• Instructions for the task
Retype the listing exactly. Leave out the images.

□ □ □ □ □ □ □

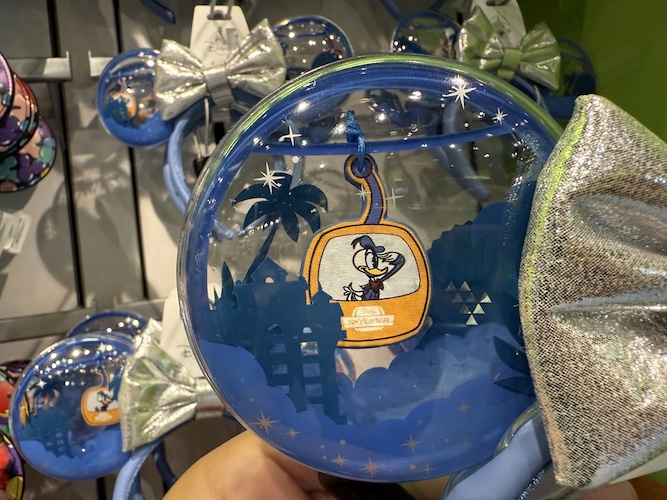 Spotted at Disney’s Pop Century Resort (though likely at the other official resorts on the Disney Skyliner line, like Disney’s Caribbean Beach Resort or Disney’s Art of Animation Resort, etc.), we found some Mouse Ears sporting some Disney Skyliner iconography and designs. Selling for $34.99 (as of press time, the mouse ears also feature a snap-on bow.
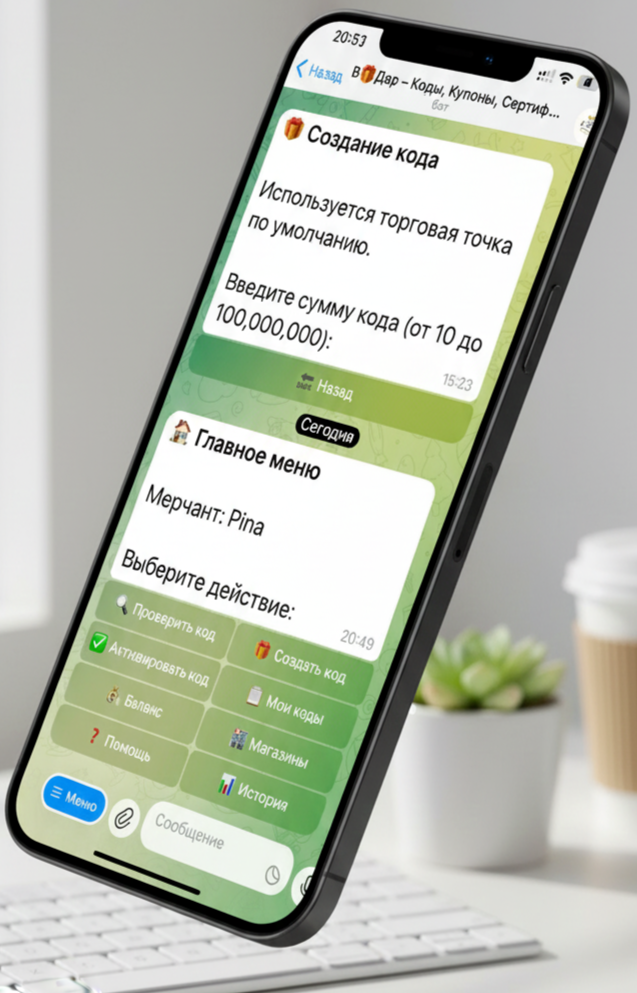 Пользователи активируют коды через удобный Telegram-бот и управляют своим балансом.
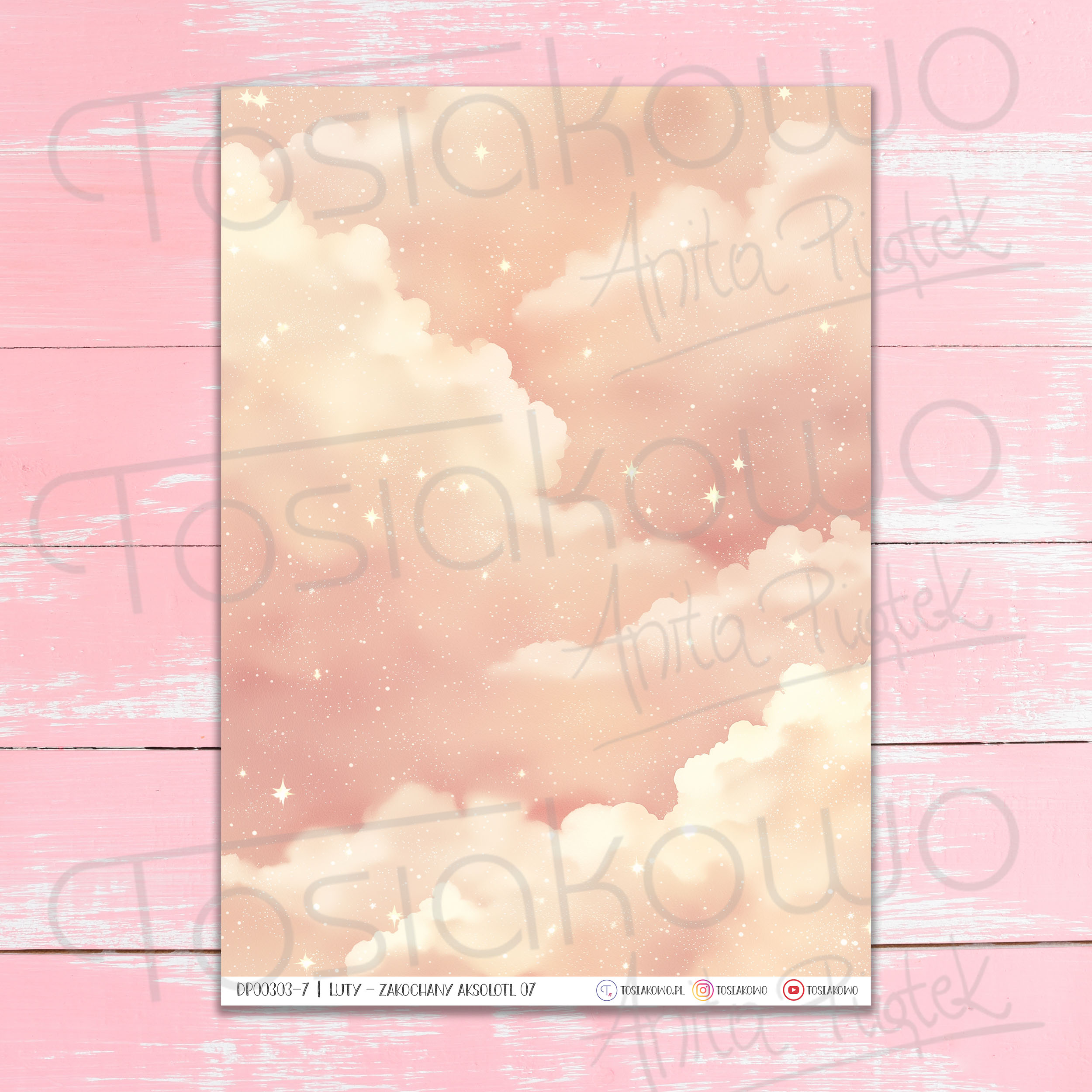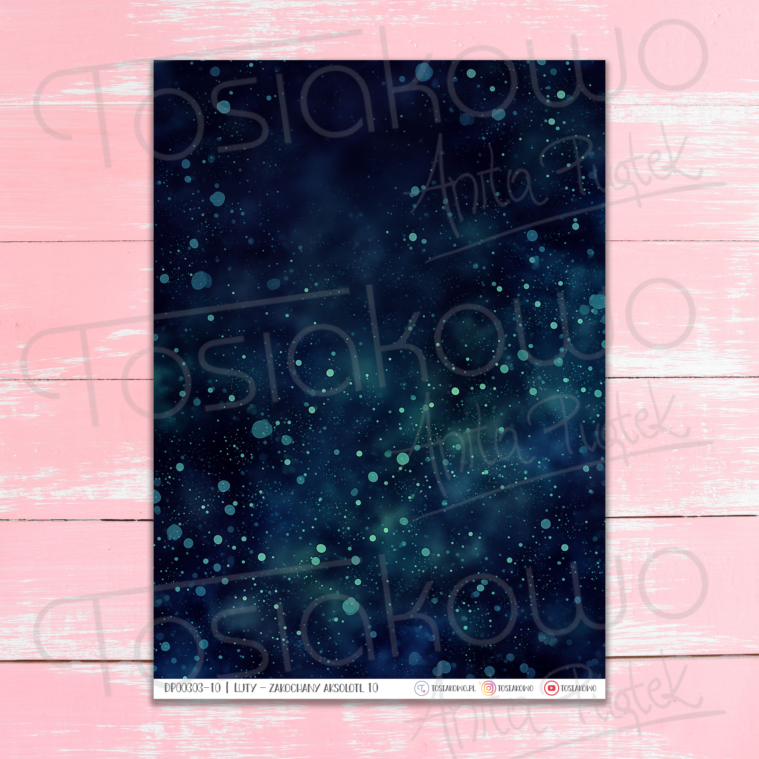 Dziesięć arkuszy w formacie A4 z tłami i grafikami. Są one stworzone jako mini zestaw do stworzenia kartki w niecodziennym kształcie i formacie.
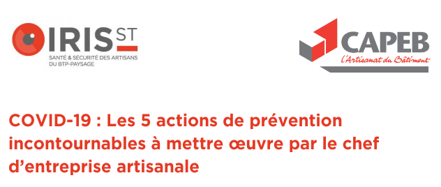 Ici la version des“5 actions de prévention incontournables à mettre en oeuvre par le chef d’entreprise artisanale” du 7 avril.
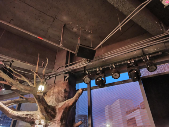 餐吧内还垂直或水平吊挂安装了8只AT-10补声音箱,用于对固定点位进行补声,弥补高频衰减。可使餐吧内的声压级更加均匀,达到声音萦绕全场的效果,更让宾客在音乐的熏陶下舒缓身心。
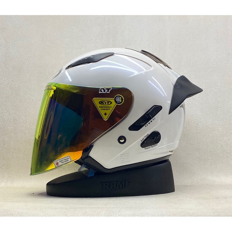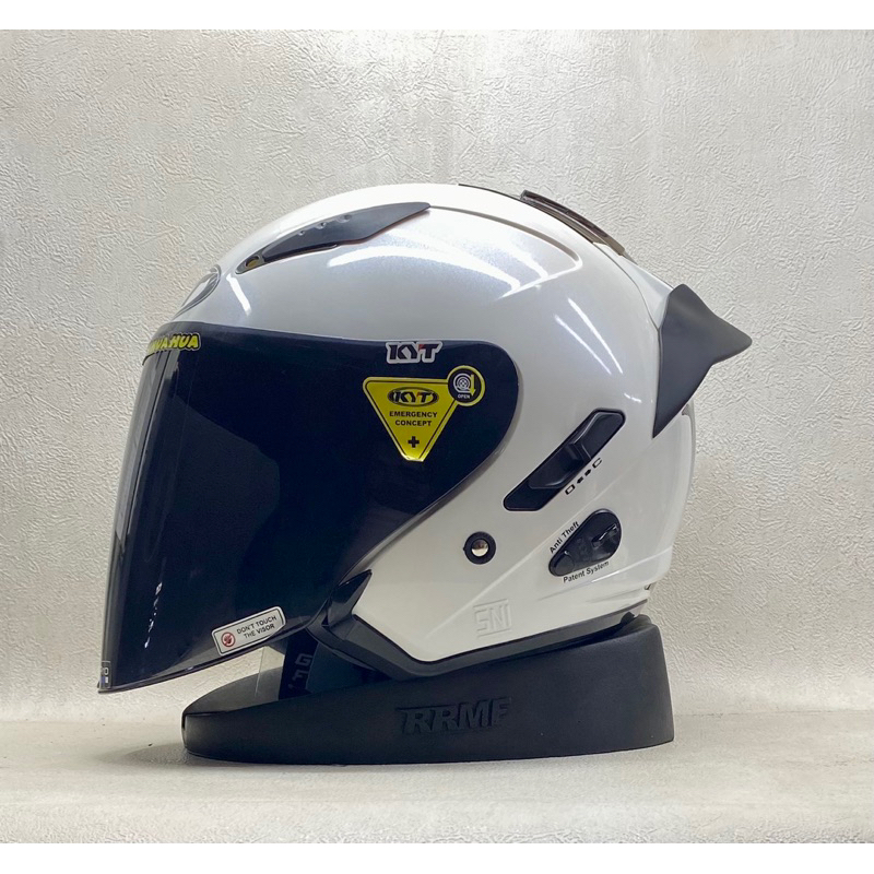 KYT Galaxy Flat R Solid White || Paket Ganteng Visor Iridium - Spoiler - Helm Half Face
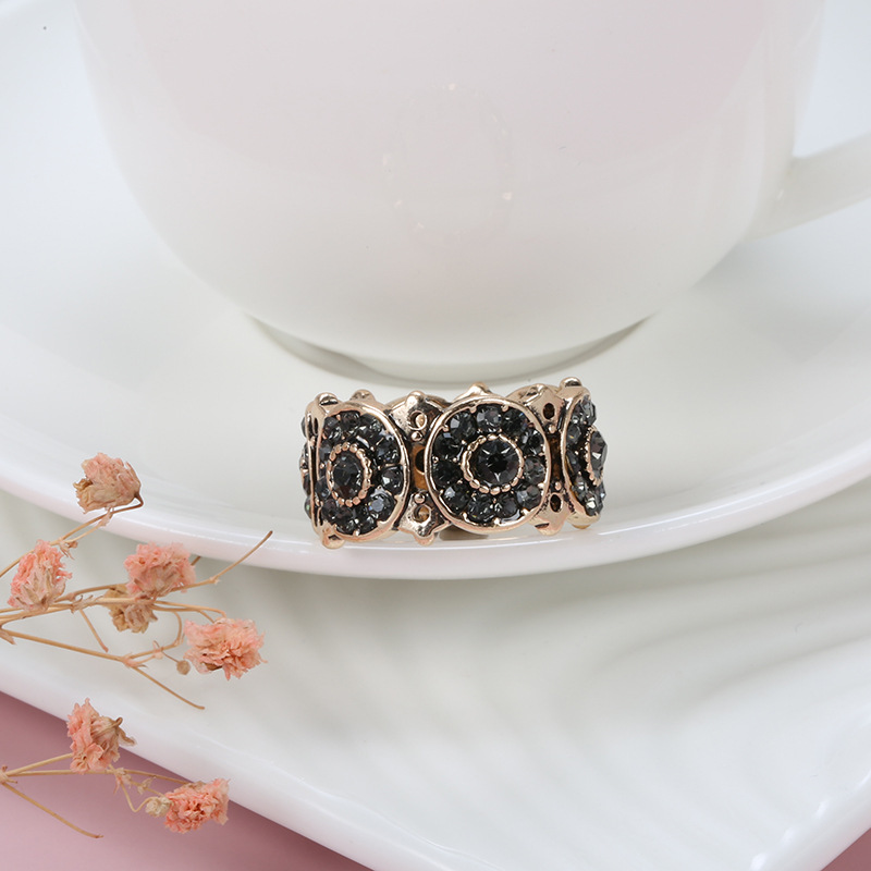 Womens Bohemian Geometric Ring In Antique Gold Plated Alloy With Inlaid Gemstones Vintage Electroplated Sparkle Finish

□ □ □ □ □ □ □

• Written solution
 Spotted at Disney’s Pop Century Resort (though likely at the other official resorts on the Disney Skyliner line, like Disney’s Caribbean Beach Resort or Disney’s Art of Animation Resort, etc.), we found some Mouse Ears sporting some Disney Skyliner iconography and designs. Selling for $34.99 (as of press time, the mouse ears also feature a snap-on bow.
 Пользователи активируют коды через удобный Telegram-бот и управляют своим балансом.
 Dziesięć arkuszy w formacie A4 z tłami i grafikami. Są one stworzone jako mini zestaw do stworzenia kartki w niecodziennym kształcie i formacie.
 Ici la version des“5 actions de prévention incontournables à mettre en oeuvre par le chef d’entreprise artisanale” du 7 avril.
 餐吧内还垂直或水平吊挂安装了8只AT-10补声音箱,用于对固定点位进行补声,弥补高频衰减。可使餐吧内的声压级更加均匀,达到声音萦绕全场的效果,更让宾客在音乐的熏陶下舒缓身心。
 KYT Galaxy Flat R Solid White || Paket Ganteng Visor Iridium - Spoiler - Helm Half Face
 Womens Bohemian Geometric Ring In Antique Gold Plated Alloy With Inlaid Gemstones Vintage Electroplated Sparkle Finish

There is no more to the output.